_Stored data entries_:
....

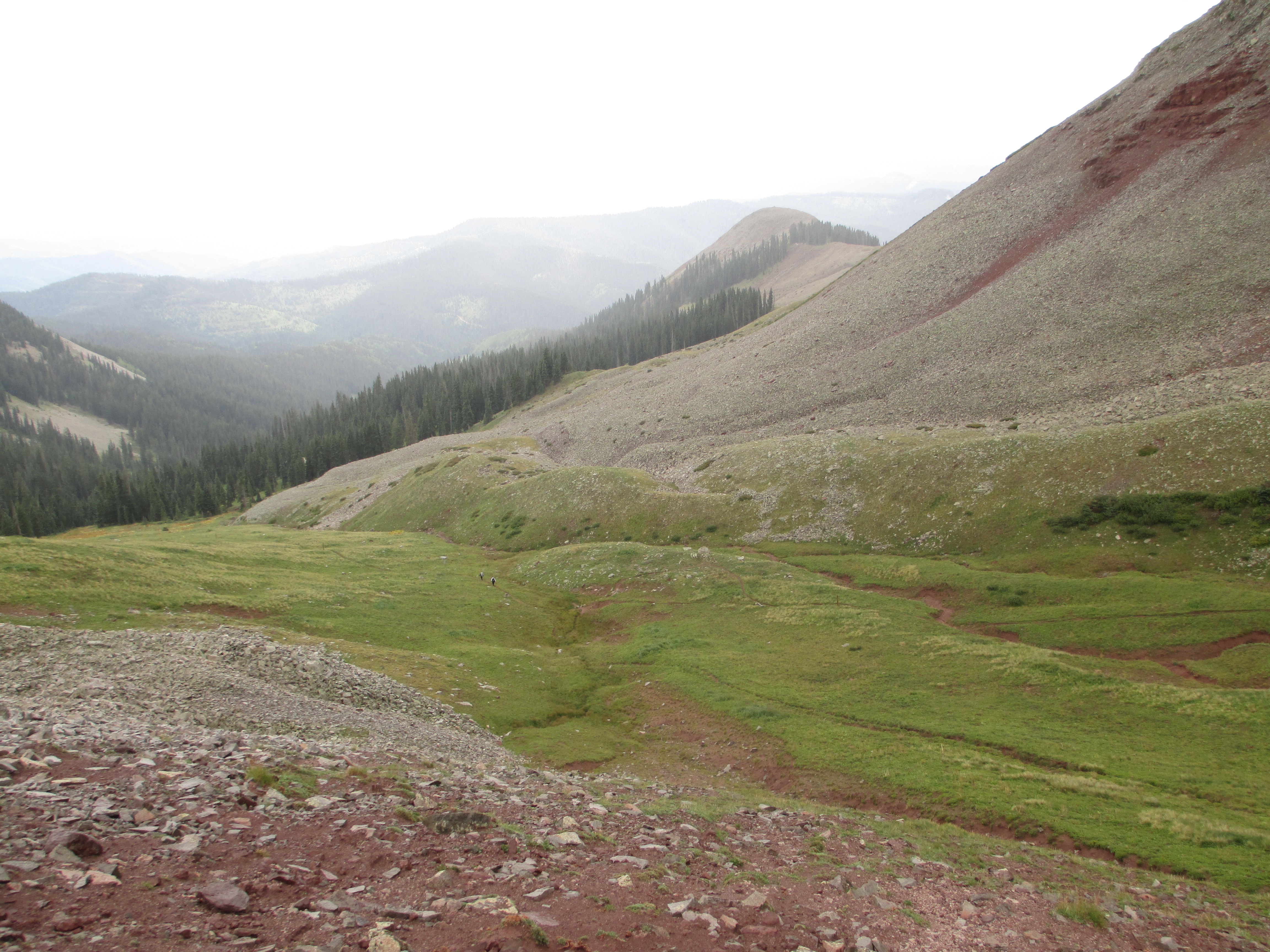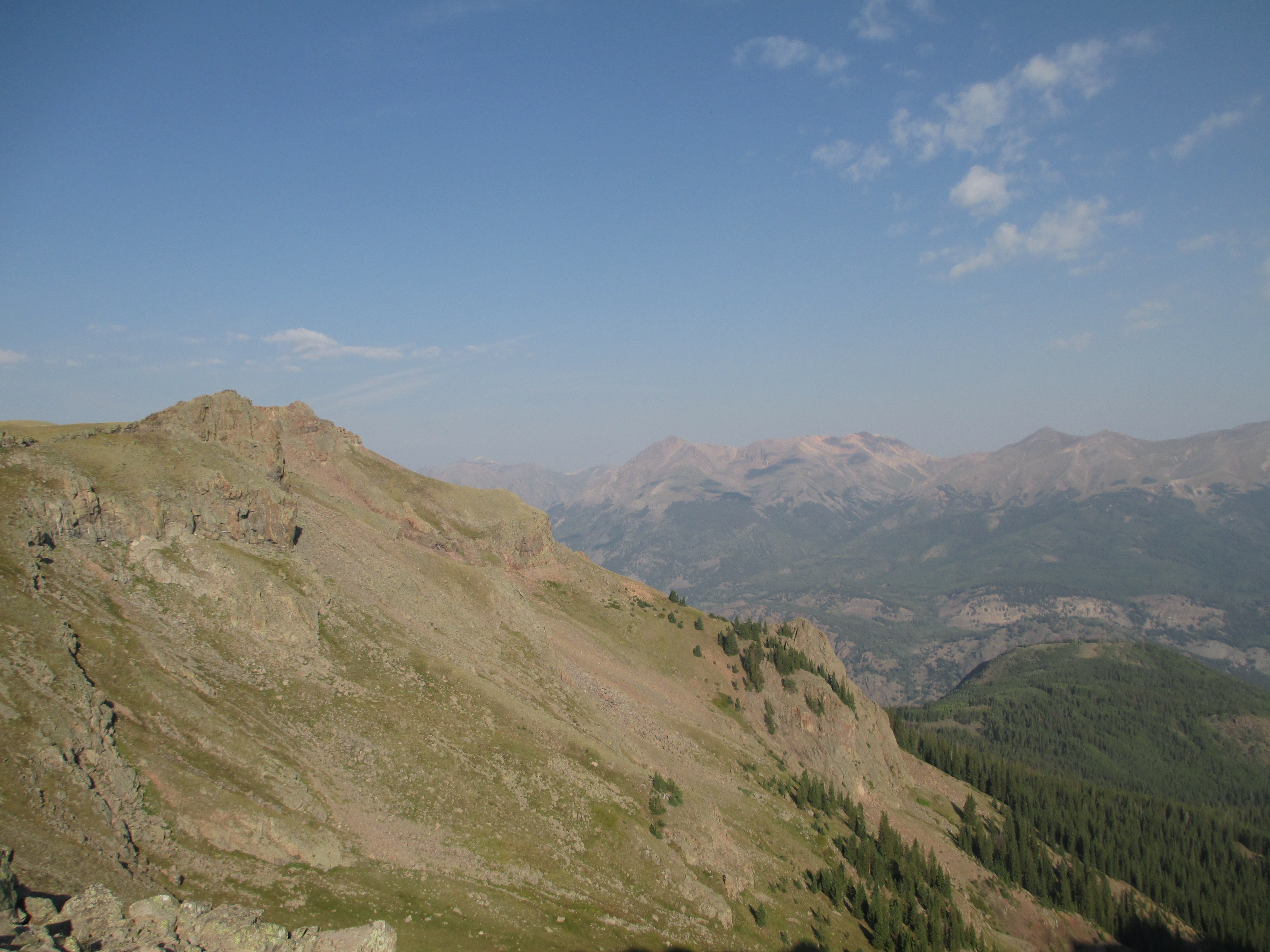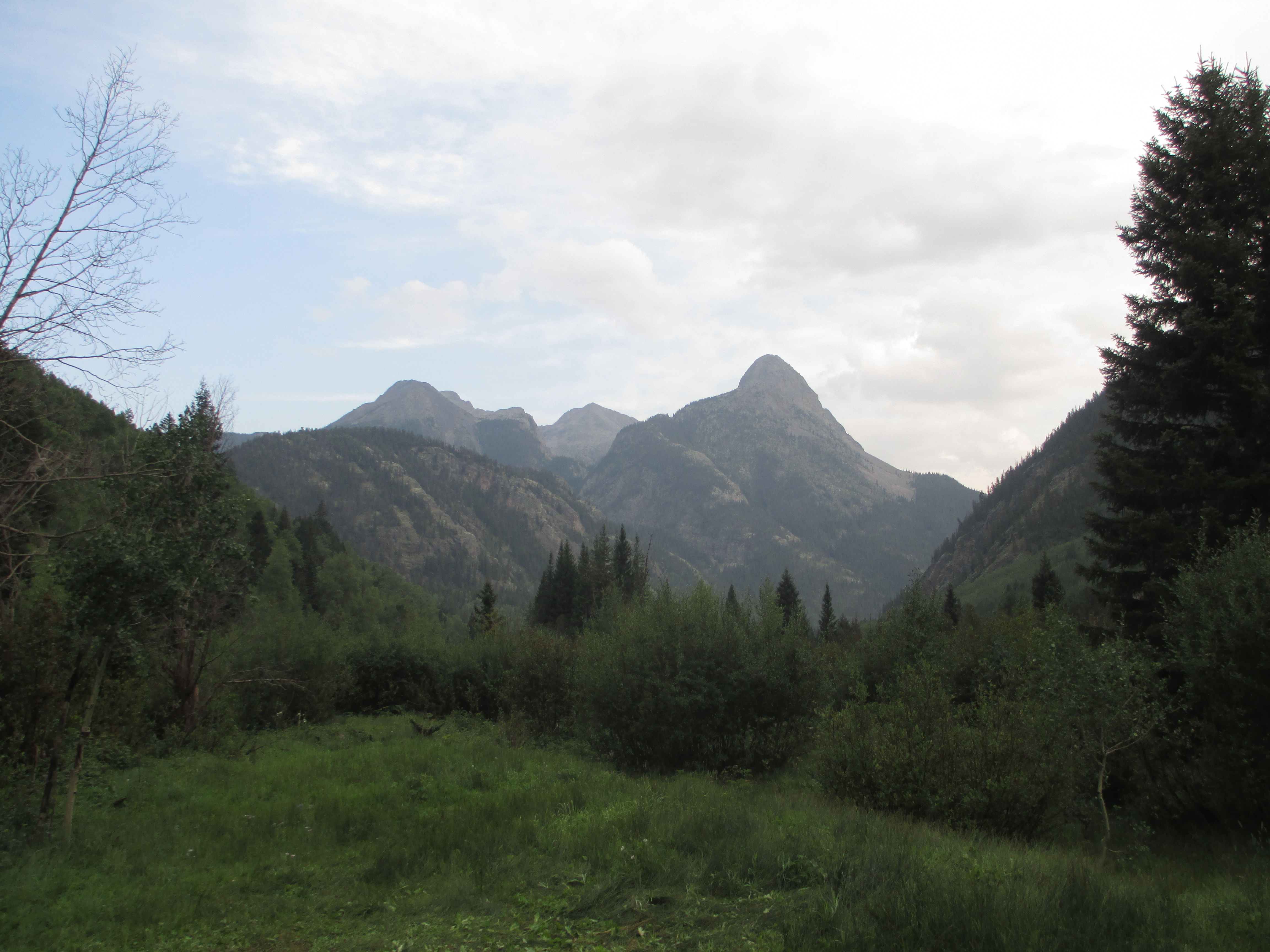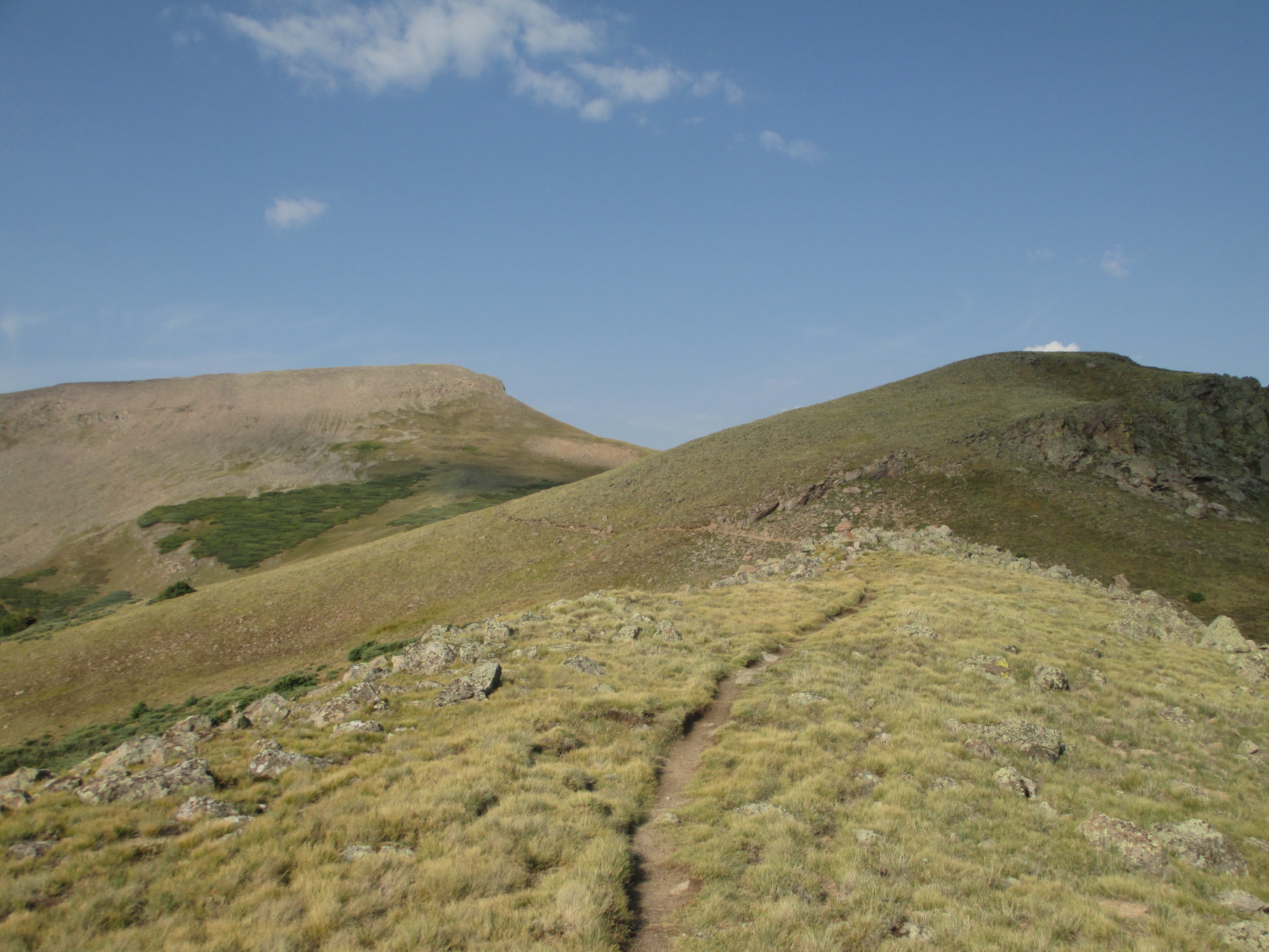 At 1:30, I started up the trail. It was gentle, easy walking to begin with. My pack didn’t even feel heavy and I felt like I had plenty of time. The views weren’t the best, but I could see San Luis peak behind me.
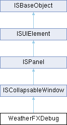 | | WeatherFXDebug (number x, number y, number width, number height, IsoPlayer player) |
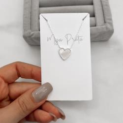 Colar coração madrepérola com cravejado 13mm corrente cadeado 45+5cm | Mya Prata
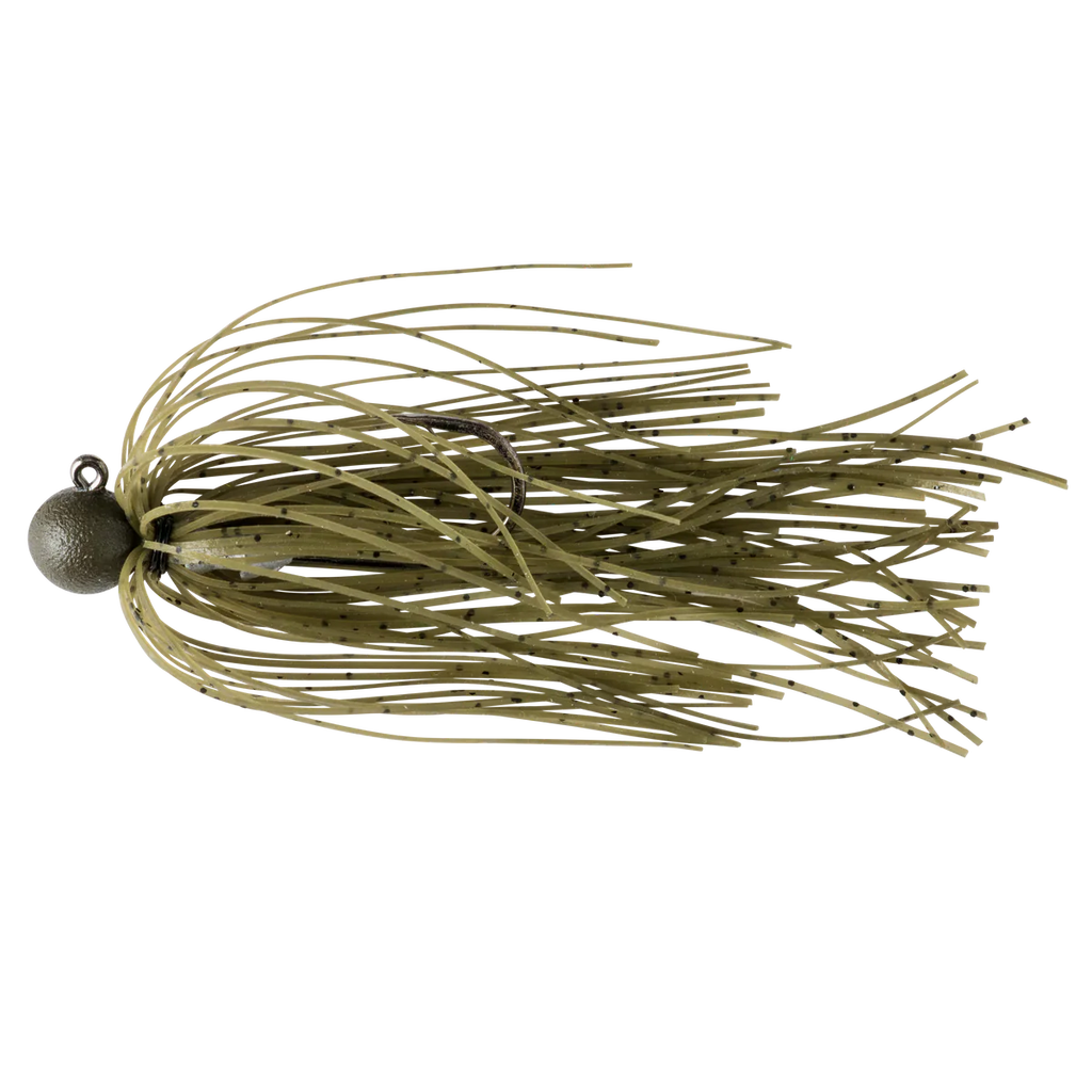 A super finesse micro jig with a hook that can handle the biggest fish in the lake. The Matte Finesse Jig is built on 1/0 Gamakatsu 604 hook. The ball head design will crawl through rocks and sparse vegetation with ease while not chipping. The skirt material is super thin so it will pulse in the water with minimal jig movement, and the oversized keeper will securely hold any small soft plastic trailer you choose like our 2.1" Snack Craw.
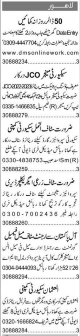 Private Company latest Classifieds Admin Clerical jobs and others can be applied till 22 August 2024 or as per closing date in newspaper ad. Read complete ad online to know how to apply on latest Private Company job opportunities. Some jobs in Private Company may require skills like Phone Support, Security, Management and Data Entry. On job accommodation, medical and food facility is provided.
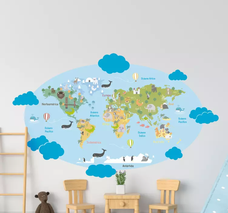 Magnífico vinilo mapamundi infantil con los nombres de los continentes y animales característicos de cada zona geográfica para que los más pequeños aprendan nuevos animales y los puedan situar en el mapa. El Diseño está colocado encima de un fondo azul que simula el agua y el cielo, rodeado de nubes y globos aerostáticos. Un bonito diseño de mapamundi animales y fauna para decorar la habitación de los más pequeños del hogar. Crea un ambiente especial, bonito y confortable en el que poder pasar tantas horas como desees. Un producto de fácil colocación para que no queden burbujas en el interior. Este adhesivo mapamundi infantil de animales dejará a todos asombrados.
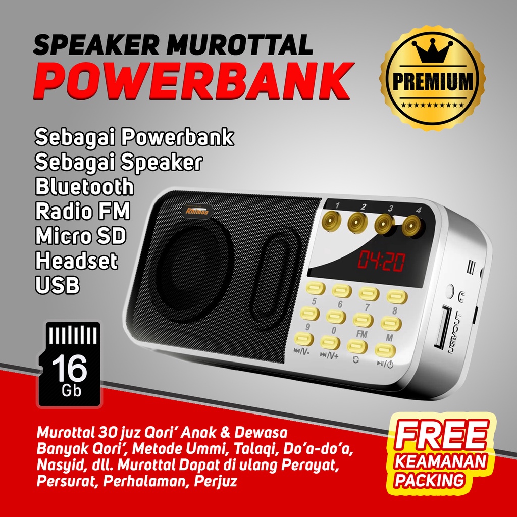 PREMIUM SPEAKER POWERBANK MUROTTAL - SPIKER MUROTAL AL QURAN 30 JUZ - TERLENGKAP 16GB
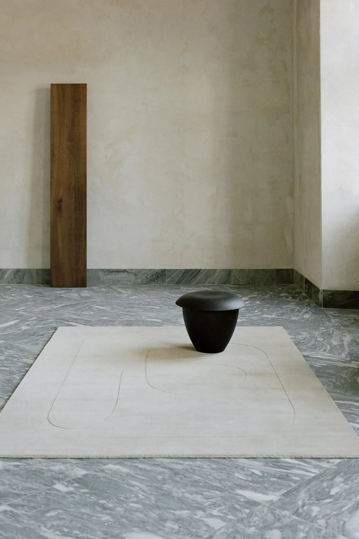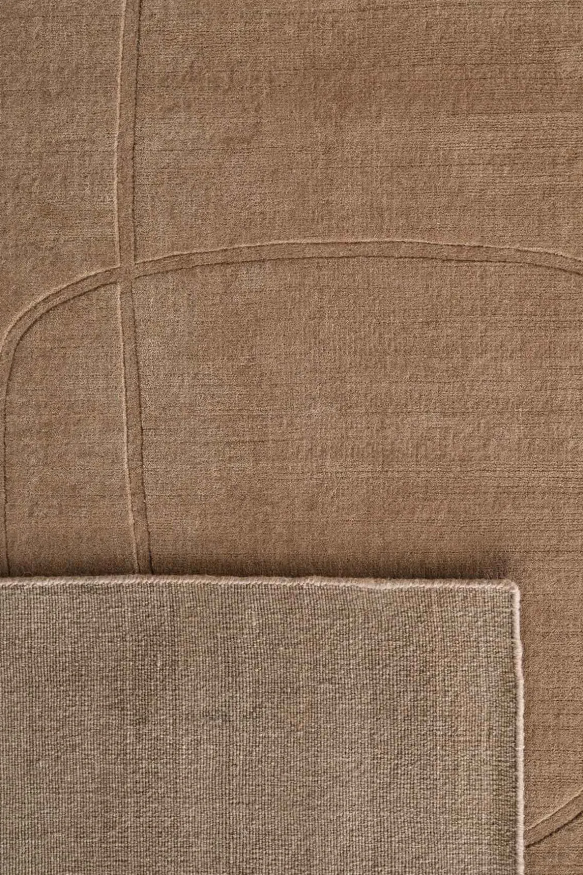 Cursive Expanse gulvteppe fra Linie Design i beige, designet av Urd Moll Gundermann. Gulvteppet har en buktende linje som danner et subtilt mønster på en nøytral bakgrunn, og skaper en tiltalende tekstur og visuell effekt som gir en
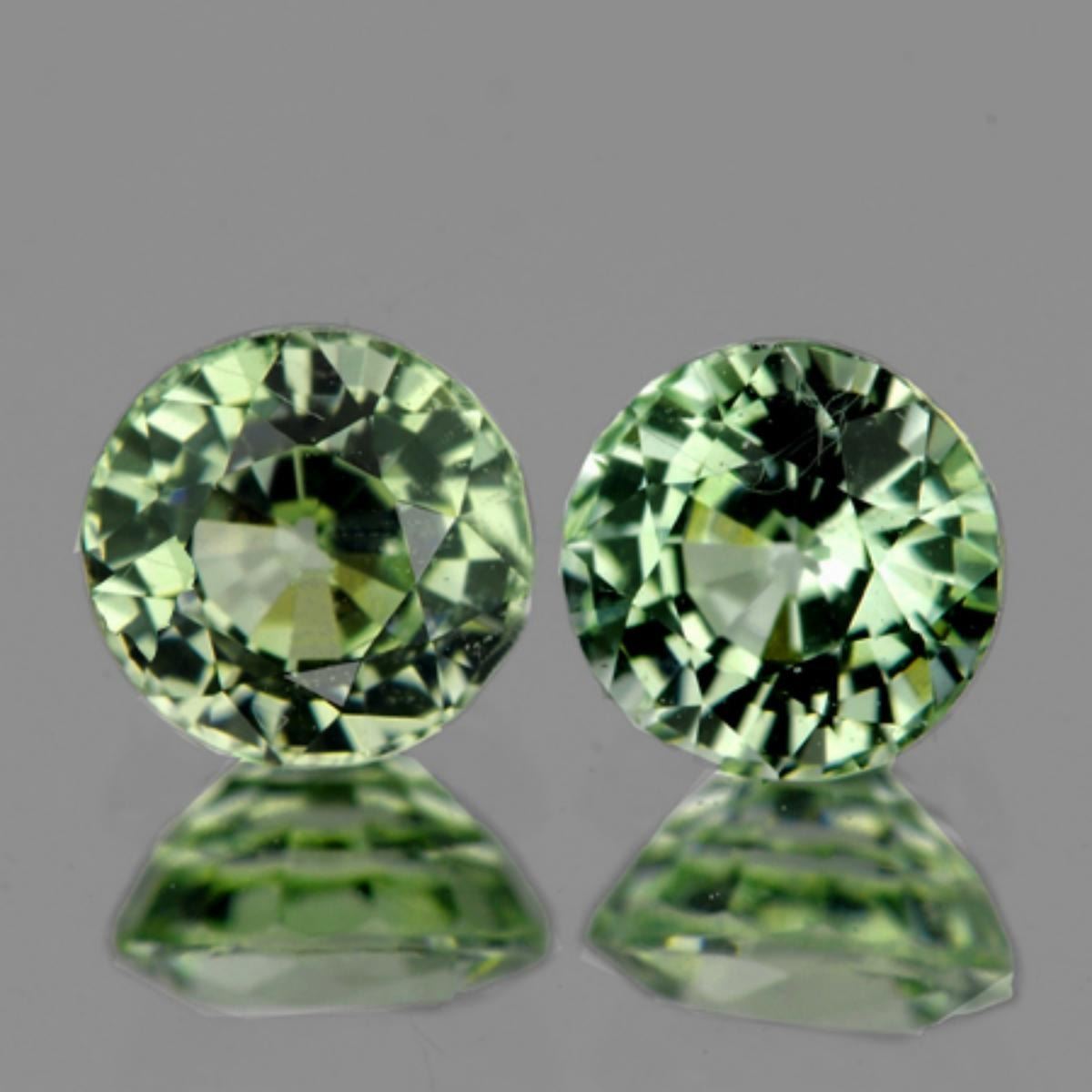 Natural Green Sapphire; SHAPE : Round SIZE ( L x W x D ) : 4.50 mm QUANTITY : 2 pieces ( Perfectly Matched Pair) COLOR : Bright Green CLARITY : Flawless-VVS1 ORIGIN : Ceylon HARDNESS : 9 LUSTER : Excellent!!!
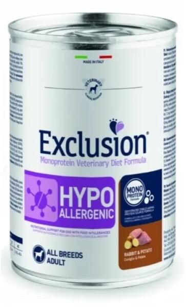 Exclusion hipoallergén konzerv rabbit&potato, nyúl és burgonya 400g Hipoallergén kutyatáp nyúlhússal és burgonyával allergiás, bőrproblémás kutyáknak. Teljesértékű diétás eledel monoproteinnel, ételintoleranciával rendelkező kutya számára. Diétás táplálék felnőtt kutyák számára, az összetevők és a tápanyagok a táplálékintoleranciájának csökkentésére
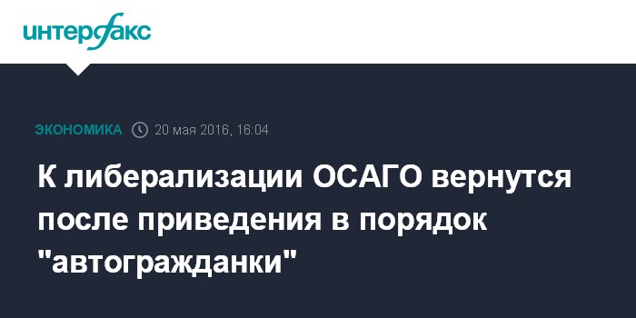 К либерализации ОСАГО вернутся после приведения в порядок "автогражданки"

....

_WHAT YOU ARE ASKED TO DO_: With pictures left out, repeat exactly the lines from the one containing "Magnífico vinilo mapamundi" through the last line of the data above, inclusive, and nothing else.

_RESPONSE_:
 Magnífico vinilo mapamundi infantil con los nombres de los continentes y animales característicos de cada zona geográfica para que los más pequeños aprendan nuevos animales y los puedan situar en el mapa. El Diseño está colocado encima de un fondo azul que simula el agua y el cielo, rodeado de nubes y globos aerostáticos. Un bonito diseño de mapamundi animales y fauna para decorar la habitación de los más pequeños del hogar. Crea un ambiente especial, bonito y confortable en el que poder pasar tantas horas como desees. Un producto de fácil colocación para que no queden burbujas en el interior. Este adhesivo mapamundi infantil de animales dejará a todos asombrados.
 PREMIUM SPEAKER POWERBANK MUROTTAL - SPIKER MUROTAL AL QURAN 30 JUZ - TERLENGKAP 16GB
 Cursive Expanse gulvteppe fra Linie Design i beige, designet av Urd Moll Gundermann. Gulvteppet har en buktende linje som danner et subtilt mønster på en nøytral bakgrunn, og skaper en tiltalende tekstur og visuell effekt som gir en
 Natural Green Sapphire; SHAPE : Round SIZE ( L x W x D ) : 4.50 mm QUANTITY : 2 pieces ( Perfectly Matched Pair) COLOR : Bright Green CLARITY : Flawless-VVS1 ORIGIN : Ceylon HARDNESS : 9 LUSTER : Excellent!!!
 Exclusion hipoallergén konzerv rabbit&potato, nyúl és burgonya 400g Hipoallergén kutyatáp nyúlhússal és burgonyával allergiás, bőrproblémás kutyáknak. Teljesértékű diétás eledel monoproteinnel, ételintoleranciával rendelkező kutya számára. Diétás táplálék felnőtt kutyák számára, az összetevők és a tápanyagok a táplálékintoleranciájának csökkentésére
 К либерализации ОСАГО вернутся после приведения в порядок "автогражданки"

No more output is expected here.